[Data — start]

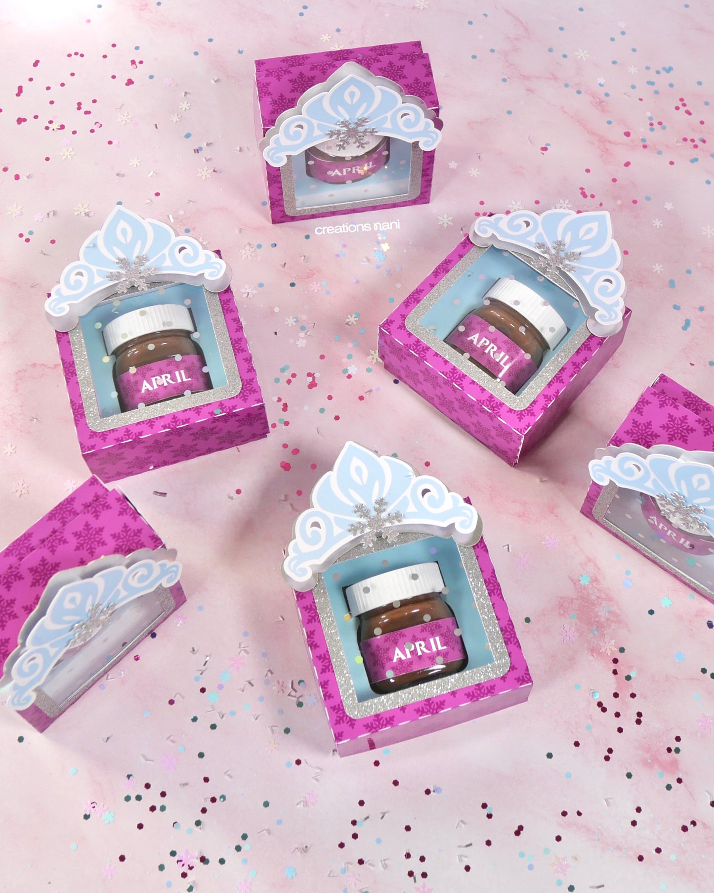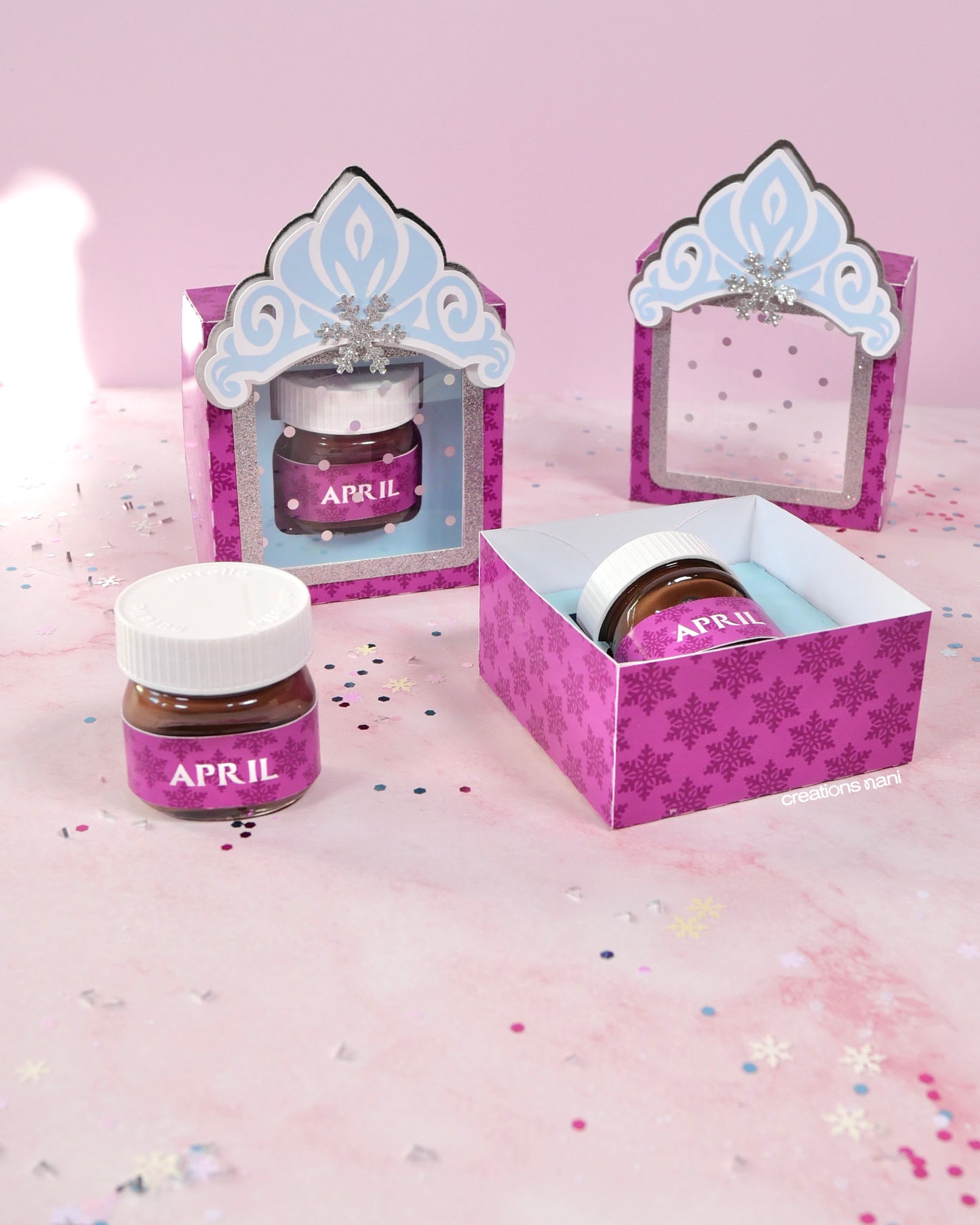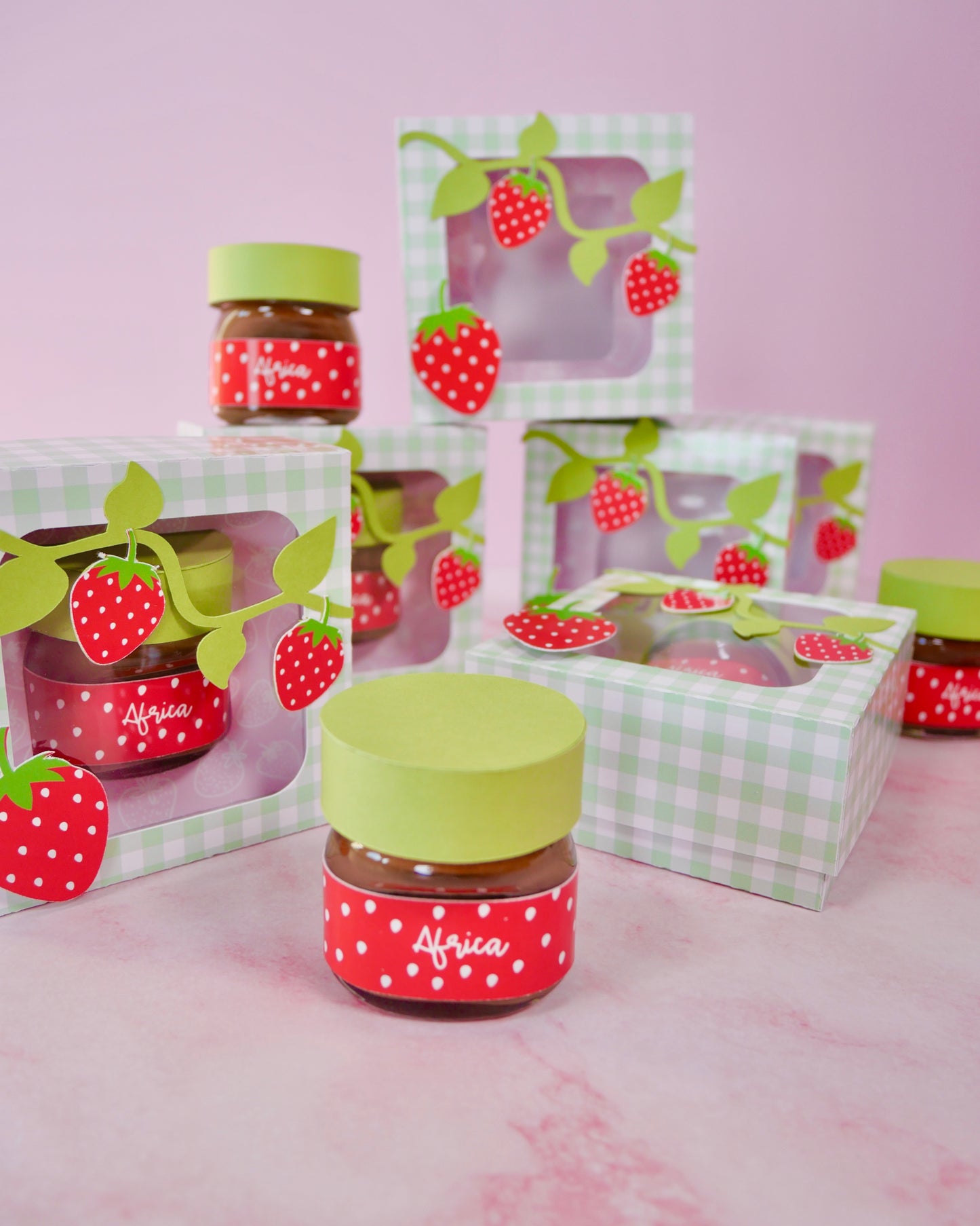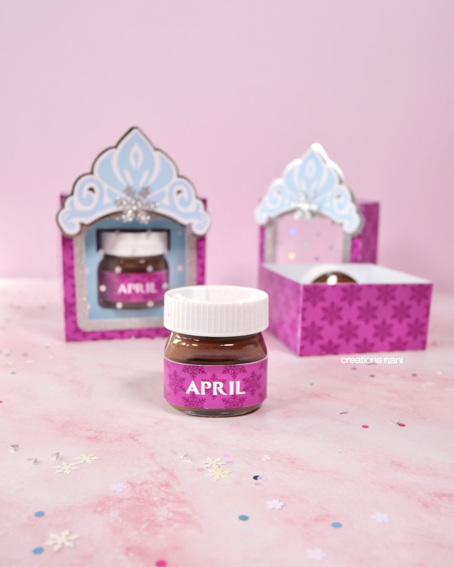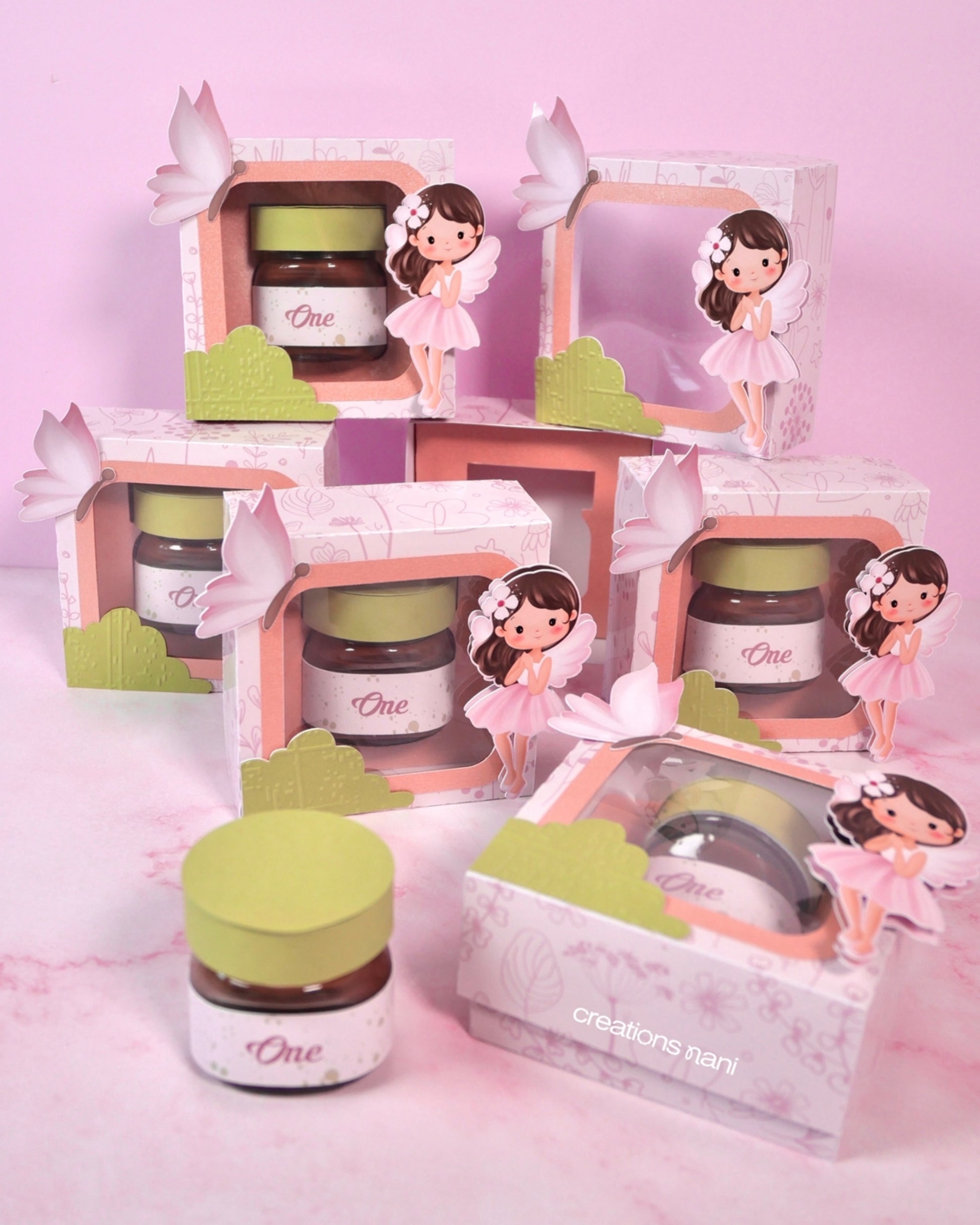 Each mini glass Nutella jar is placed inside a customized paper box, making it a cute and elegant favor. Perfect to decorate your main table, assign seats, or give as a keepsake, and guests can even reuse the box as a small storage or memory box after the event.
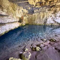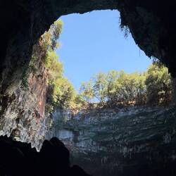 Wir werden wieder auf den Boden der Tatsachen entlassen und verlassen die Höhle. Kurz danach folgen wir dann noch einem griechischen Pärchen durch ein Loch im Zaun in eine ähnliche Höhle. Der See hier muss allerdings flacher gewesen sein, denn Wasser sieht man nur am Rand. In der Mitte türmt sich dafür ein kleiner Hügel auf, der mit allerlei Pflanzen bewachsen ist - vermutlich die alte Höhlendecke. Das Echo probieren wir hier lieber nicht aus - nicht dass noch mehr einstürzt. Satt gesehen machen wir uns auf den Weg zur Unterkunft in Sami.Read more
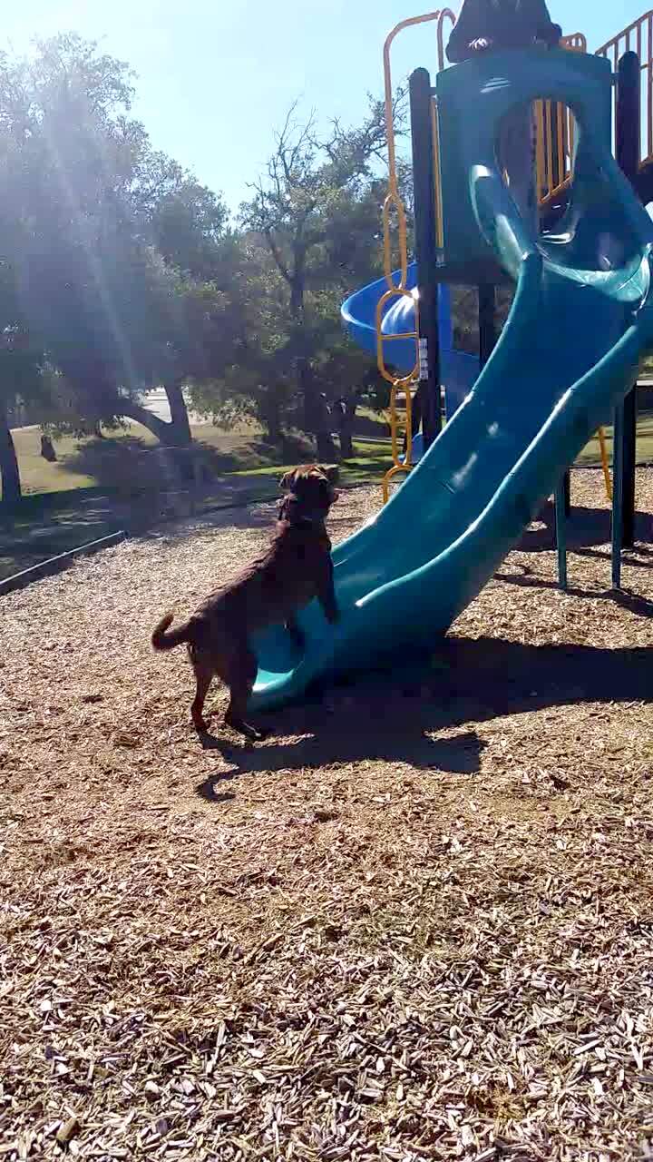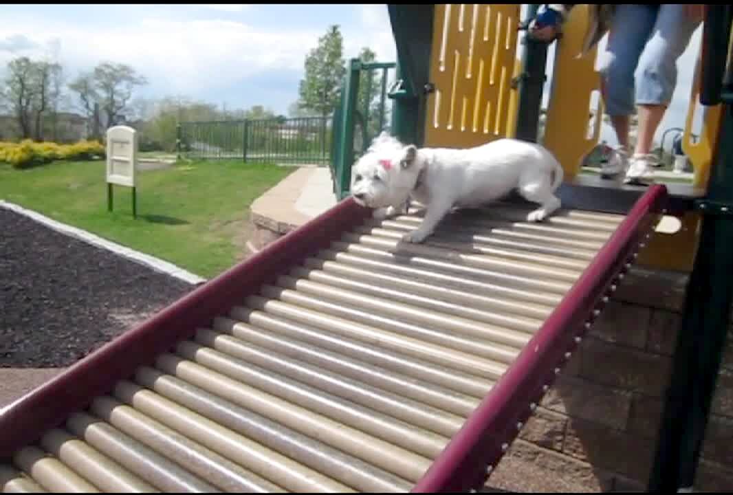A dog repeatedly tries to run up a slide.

[Data — finish]

Exercise prompt —
Repeat the listing in full and to the letter, excluding every image.

Result —
 Each mini glass Nutella jar is placed inside a customized paper box, making it a cute and elegant favor. Perfect to decorate your main table, assign seats, or give as a keepsake, and guests can even reuse the box as a small storage or memory box after the event.
 Wir werden wieder auf den Boden der Tatsachen entlassen und verlassen die Höhle. Kurz danach folgen wir dann noch einem griechischen Pärchen durch ein Loch im Zaun in eine ähnliche Höhle. Der See hier muss allerdings flacher gewesen sein, denn Wasser sieht man nur am Rand. In der Mitte türmt sich dafür ein kleiner Hügel auf, der mit allerlei Pflanzen bewachsen ist - vermutlich die alte Höhlendecke. Das Echo probieren wir hier lieber nicht aus - nicht dass noch mehr einstürzt. Satt gesehen machen wir uns auf den Weg zur Unterkunft in Sami.Read more
A dog repeatedly tries to run up a slide.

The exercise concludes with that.